Task directions
Note on the material below: return exactly the lines from the line that holds "Используйте лопатку, чтобы" through the line that holds "Стильная рубашка свободного", and leave out each picture.

Records for processing
:::
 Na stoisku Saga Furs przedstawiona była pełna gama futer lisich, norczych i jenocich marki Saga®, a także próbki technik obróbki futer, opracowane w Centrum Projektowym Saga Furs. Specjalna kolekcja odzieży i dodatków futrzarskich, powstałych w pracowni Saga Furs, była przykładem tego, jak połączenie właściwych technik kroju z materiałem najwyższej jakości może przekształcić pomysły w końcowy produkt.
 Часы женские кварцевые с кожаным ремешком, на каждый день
:::
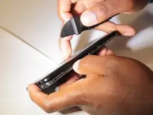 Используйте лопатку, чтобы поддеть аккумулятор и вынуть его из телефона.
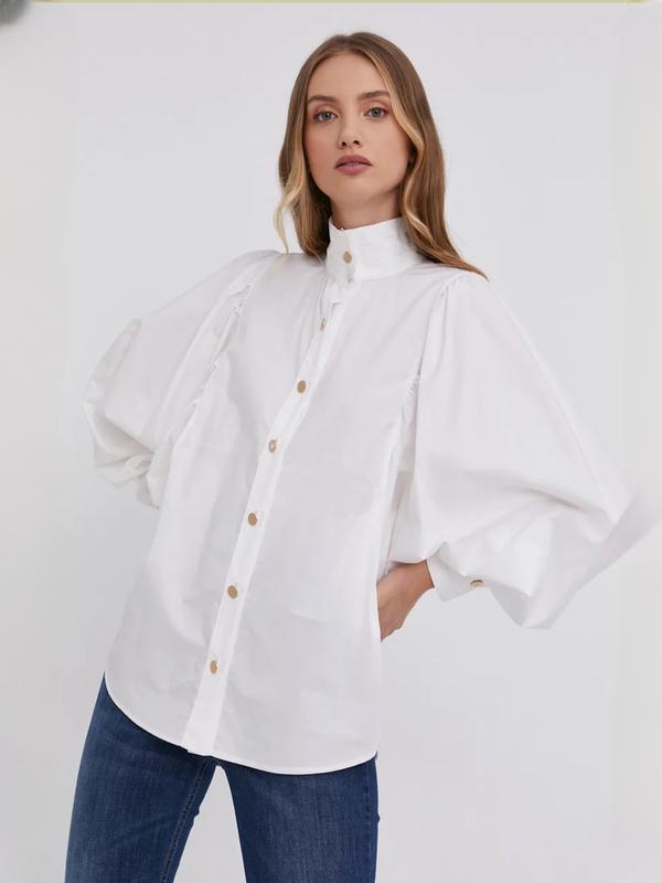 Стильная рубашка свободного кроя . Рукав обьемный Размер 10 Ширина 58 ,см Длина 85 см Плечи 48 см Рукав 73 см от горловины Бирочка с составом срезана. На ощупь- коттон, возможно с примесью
:::
Expected answer
 Используйте лопатку, чтобы поддеть аккумулятор и вынуть его из телефона.
 Стильная рубашка свободного кроя . Рукав обьемный Размер 10 Ширина 58 ,см Длина 85 см Плечи 48 см Рукав 73 см от горловины Бирочка с составом срезана. На ощупь- коттон, возможно с примесью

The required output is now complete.